> Required work:
Take the line that contains "7月17日晚,学生们进行了资" and each line after it to the end of the material below, and return them exactly, minus the pictures.

> The data:
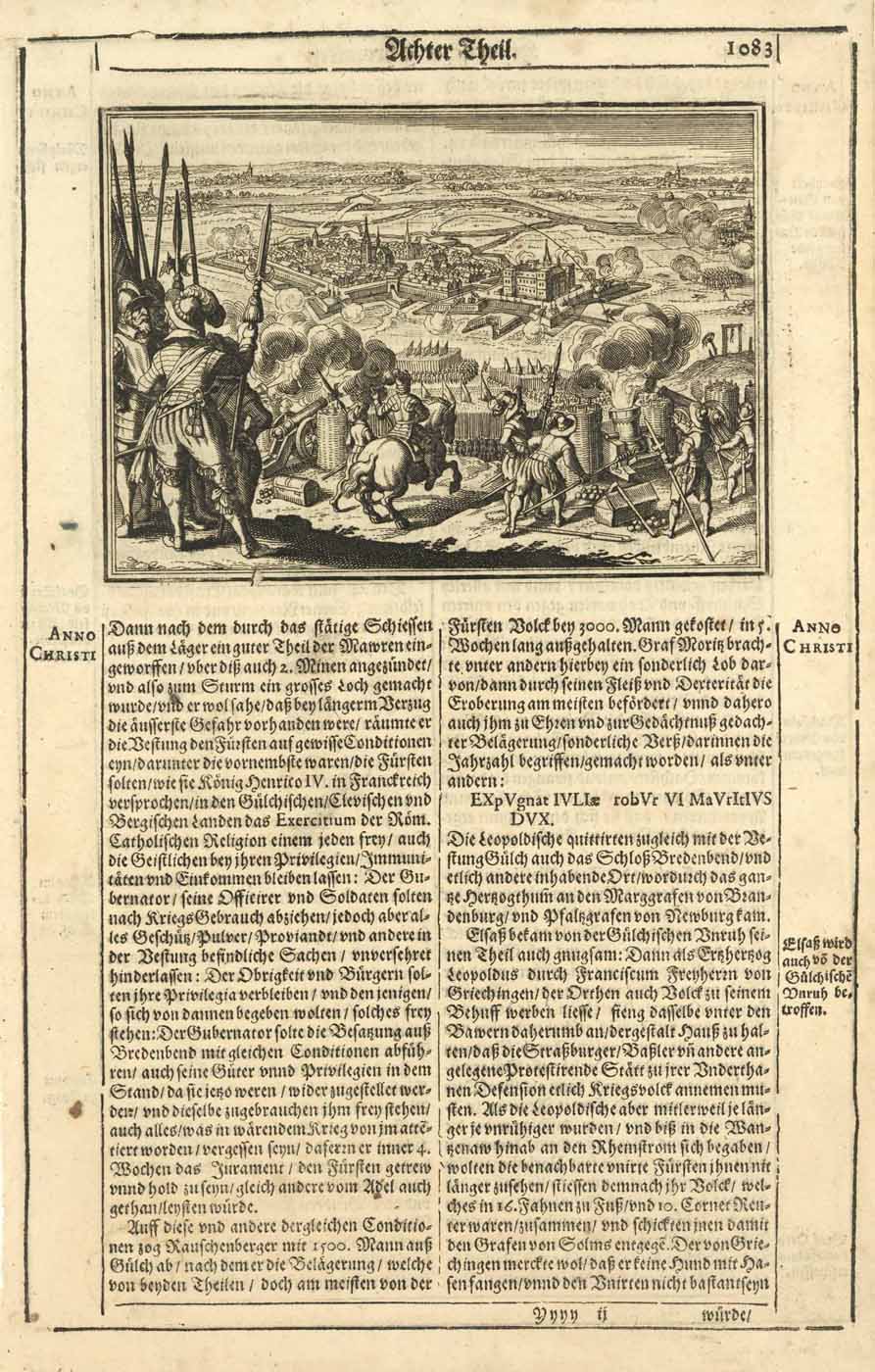 Neumann, Stadt u. Festung Jülich auf bildlichen Darstellungen 55. – 1. Zustand. – Zeigt die Belagerung der Festung Jülich 1610. – Das Schloß ist dargestellt als betürmte Vierfügelanlage mit Terassendächern. – Ganze Buchseite.
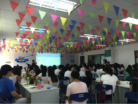 7月17日晚,学生们进行了资源利用的培训,学习如何最大程度利用阿里巴巴的后台资源如顶级展位、P4P、FRQ等进行营销和产品发布。
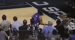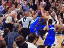 在距离比赛结束还剩2.2秒时,雷霆队中锋史蒂文-亚当斯在倒地后起身时,遭遇了马刺主场一名球迷的拉拽,亚当斯怒不可遏的一把闪开自己的手臂,转身回到篮下。

> Solution for this exercise:
 7月17日晚,学生们进行了资源利用的培训,学习如何最大程度利用阿里巴巴的后台资源如顶级展位、P4P、FRQ等进行营销和产品发布。
 在距离比赛结束还剩2.2秒时,雷霆队中锋史蒂文-亚当斯在倒地后起身时,遭遇了马刺主场一名球迷的拉拽,亚当斯怒不可遏的一把闪开自己的手臂,转身回到篮下。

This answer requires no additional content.